── Records supplied ──
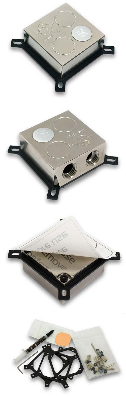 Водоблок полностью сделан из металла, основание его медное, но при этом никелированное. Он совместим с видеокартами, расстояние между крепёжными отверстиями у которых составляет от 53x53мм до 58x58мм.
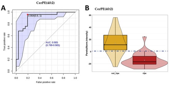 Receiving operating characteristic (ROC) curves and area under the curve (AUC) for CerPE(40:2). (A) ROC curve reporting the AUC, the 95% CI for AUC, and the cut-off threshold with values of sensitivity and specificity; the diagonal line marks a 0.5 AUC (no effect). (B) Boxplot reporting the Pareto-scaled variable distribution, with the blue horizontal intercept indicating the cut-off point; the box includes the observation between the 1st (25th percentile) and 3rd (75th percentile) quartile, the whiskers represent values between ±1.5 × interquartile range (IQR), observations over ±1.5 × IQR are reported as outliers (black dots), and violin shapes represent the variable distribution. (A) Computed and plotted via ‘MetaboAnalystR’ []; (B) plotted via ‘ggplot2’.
───
── Records supplied ──
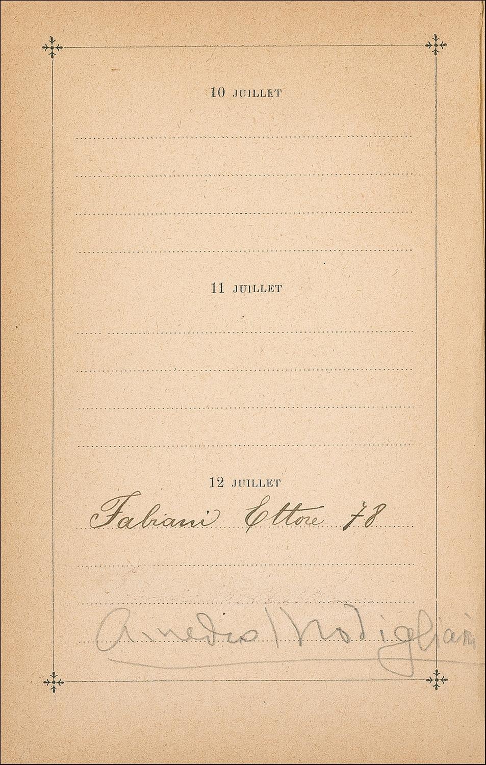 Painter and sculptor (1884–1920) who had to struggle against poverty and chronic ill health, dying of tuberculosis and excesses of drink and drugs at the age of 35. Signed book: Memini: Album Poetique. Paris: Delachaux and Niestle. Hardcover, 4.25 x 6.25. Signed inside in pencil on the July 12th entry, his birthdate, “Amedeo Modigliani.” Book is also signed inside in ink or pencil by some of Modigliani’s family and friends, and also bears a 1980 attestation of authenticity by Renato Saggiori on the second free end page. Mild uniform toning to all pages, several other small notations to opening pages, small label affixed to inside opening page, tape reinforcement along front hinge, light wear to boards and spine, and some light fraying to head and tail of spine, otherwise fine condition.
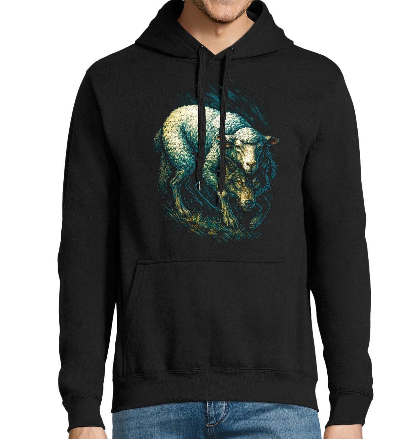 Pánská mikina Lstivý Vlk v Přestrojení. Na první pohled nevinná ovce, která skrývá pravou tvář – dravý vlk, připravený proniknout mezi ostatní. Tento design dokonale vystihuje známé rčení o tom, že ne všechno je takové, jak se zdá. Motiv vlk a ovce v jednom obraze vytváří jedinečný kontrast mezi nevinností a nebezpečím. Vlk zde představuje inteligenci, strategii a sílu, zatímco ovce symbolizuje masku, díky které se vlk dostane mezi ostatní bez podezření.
───
* What this task involves *
Reproduce the records above exactly, but only from the line with "Водоблок полностью сделан" up to and including the line with "Receiving operating characteristic". Leave the pictures out.

* Task response *
 Водоблок полностью сделан из металла, основание его медное, но при этом никелированное. Он совместим с видеокартами, расстояние между крепёжными отверстиями у которых составляет от 53x53мм до 58x58мм.
 Receiving operating characteristic (ROC) curves and area under the curve (AUC) for CerPE(40:2). (A) ROC curve reporting the AUC, the 95% CI for AUC, and the cut-off threshold with values of sensitivity and specificity; the diagonal line marks a 0.5 AUC (no effect). (B) Boxplot reporting the Pareto-scaled variable distribution, with the blue horizontal intercept indicating the cut-off point; the box includes the observation between the 1st (25th percentile) and 3rd (75th percentile) quartile, the whiskers represent values between ±1.5 × interquartile range (IQR), observations over ±1.5 × IQR are reported as outliers (black dots), and violin shapes represent the variable distribution. (A) Computed and plotted via ‘MetaboAnalystR’ []; (B) plotted via ‘ggplot2’.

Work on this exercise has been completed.